On the other hand, I’m a bit uncomfortable with what seems to be the undercurrent of some of these reactions. Are these books, tapes and sermons motivated by a sense that the popular interest in the DaVinci Code presents a missional moment, or is it more of a defensive manuever? Do we see this as an instance where “Christ Transforming Culture” can apply, or do we see it as “Christ Against Culture”?

I’m afraid some of what’s out there is in the latter category — primarily defensive, reactionary, an exercise in fortress-building. I don’t think the DaVinci Code is a frontal assault on Castle Christiana, such that we must man the ramparts and dig in for a siege.
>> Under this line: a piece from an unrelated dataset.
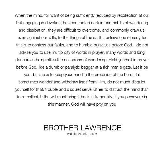 When the mind, for want of being sufficiently reduced by recollection at our first engaging in devotion, has contracted certain bad habits of wandering and dissipation, they are difficult to overcome, and commonly draw us, even against our wills, to the things of the earth.I believe one remedy for this is to confess our faults, and to humble ourselves before God. I do not advise you to use multiplicity of words in prayer: many words and long discourses being often the occasions of wandering. Hold yourself in prayer before God, like a dumb or paralytic beggar at a rich man's gate. Let it be your business to keep your mind in the presence of the Lord. If it sometimes wander and withdraw itself from Him, do not much disquiet yourself for that: trouble and disquiet serve rather to distract the mind than to re-collect it: the will must bring it back in tranquility. If you persevere in this manner, God will have pity on you
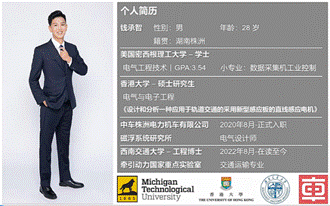 钱承智师兄本科毕业于美国密西根理工大学,大学期间学习电气工程技术,同时辅修了小专业数据采集机工业控制。研究生就读于香港大学,攻读电气与电子工程,毕业后就职于中车株洲电力机车有限公司磁浮系统研究所。2022年8月至今,于av影片直播

I do think the ideas underlying the DaVinci Code are demonic, in that they reflect an age-old heresy about the nature of Jesus, but there are more facets to it than that. The DaVinci Code phenomenon also reflects our culture’s hunger for spiritual truth and its continued fascination with Jesus. So I agree with those, like Ed Marcelle and Jeff, who see the DaVinci phenomenon as an opportunity for missional engagement.